Data to use section start

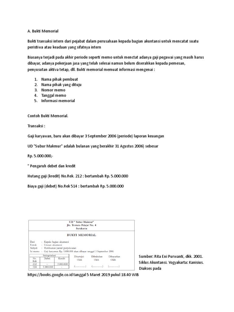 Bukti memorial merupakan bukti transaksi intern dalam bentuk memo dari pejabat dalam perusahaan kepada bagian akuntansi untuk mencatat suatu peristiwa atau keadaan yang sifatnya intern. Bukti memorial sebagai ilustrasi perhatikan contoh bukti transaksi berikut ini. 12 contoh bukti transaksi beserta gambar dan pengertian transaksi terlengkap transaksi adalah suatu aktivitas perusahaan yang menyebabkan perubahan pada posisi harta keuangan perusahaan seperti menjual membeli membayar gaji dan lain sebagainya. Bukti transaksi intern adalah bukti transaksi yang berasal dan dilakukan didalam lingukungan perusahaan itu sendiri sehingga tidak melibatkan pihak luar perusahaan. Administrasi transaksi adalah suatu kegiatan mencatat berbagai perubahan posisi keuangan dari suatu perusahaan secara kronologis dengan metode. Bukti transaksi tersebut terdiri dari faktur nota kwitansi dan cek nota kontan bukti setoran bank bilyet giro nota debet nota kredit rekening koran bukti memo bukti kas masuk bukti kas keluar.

Data to use section end
Data to use section start

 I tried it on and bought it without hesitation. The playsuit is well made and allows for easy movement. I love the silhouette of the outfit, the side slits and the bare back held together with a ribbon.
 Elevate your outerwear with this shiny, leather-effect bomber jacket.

Data to use section end

### Work required
In the entries above, find the line with "I tried it on" and the line with "Elevate your outerwear", then set down exactly those two and every line between them, nothing else.

### Result
 I tried it on and bought it without hesitation. The playsuit is well made and allows for easy movement. I love the silhouette of the outfit, the side slits and the bare back held together with a ribbon.
 Elevate your outerwear with this shiny, leather-effect bomber jacket.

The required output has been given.